Finding Matching Nuts and Bolts in O(n) Time
How can we efficiently check if there is a nut and a bolt that have the same size?
Given a collection of n nuts and a collection of n bolts, arranged in an increasing order of size, how can we find a nut and a bolt that have the same size? What is the time complexity of the algorithm?
Solution: Matching Nuts and Bolts
To check if there is a nut and a bolt that have the same size, we can use the following algorithm:
Keep two iterators, i (for nuts array) and j (for bolts array).
while(i < n and j < n) {
if nuts[i] == bolts[j] {
We have a case where sizes match, output/return
} else if nuts[i] < bolts[j] {
This means the size of nut is lesser than that of bolt, so we move to the next bigger nut, i.e., i+=1
} else {
This means the size of bolt is lesser than that of nut, so we move to the next bigger bolt, i.e., j+=1
}}
Since we iterate through each index in both arrays only once, the algorithm runs in O(n) time complexity.
Explanation
When given a collection of nuts and bolts sorted in increasing order of sizes, we can efficiently find a nut and a bolt that have the same size using a two-pointer approach. By comparing the sizes of nuts and bolts iteratively, we can identify the matching pair with a time complexity of O(n).
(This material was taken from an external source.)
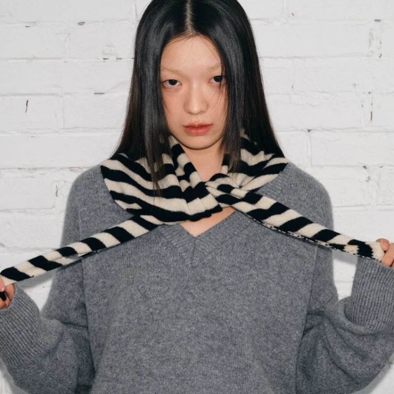 100% 메리노 호주 양모 스카프 가을, 겨울 새로운 삼각형 니트 작은 목도리 단색 따뜻한 목 보호대스토어 가기

The algorithm involves keeping two iterators, one for the nuts array and another for the bolts array. By comparing the sizes at the current positions of the iterators, we can determine the relationship between the sizes and adjust the iterators accordingly. If a match is found, we can immediately output or return the pair without the need to continue searching for additional matches.
By iterating through each index in both the nuts and bolts arrays only once, the algorithm ensures that the time complexity is linear, making it efficient for checking matching sizes in a large collection of nuts and bolts. This method optimizes the process by utilizing the sorted order of the arrays to quickly identify matching pairs while maintaining a linear runtime.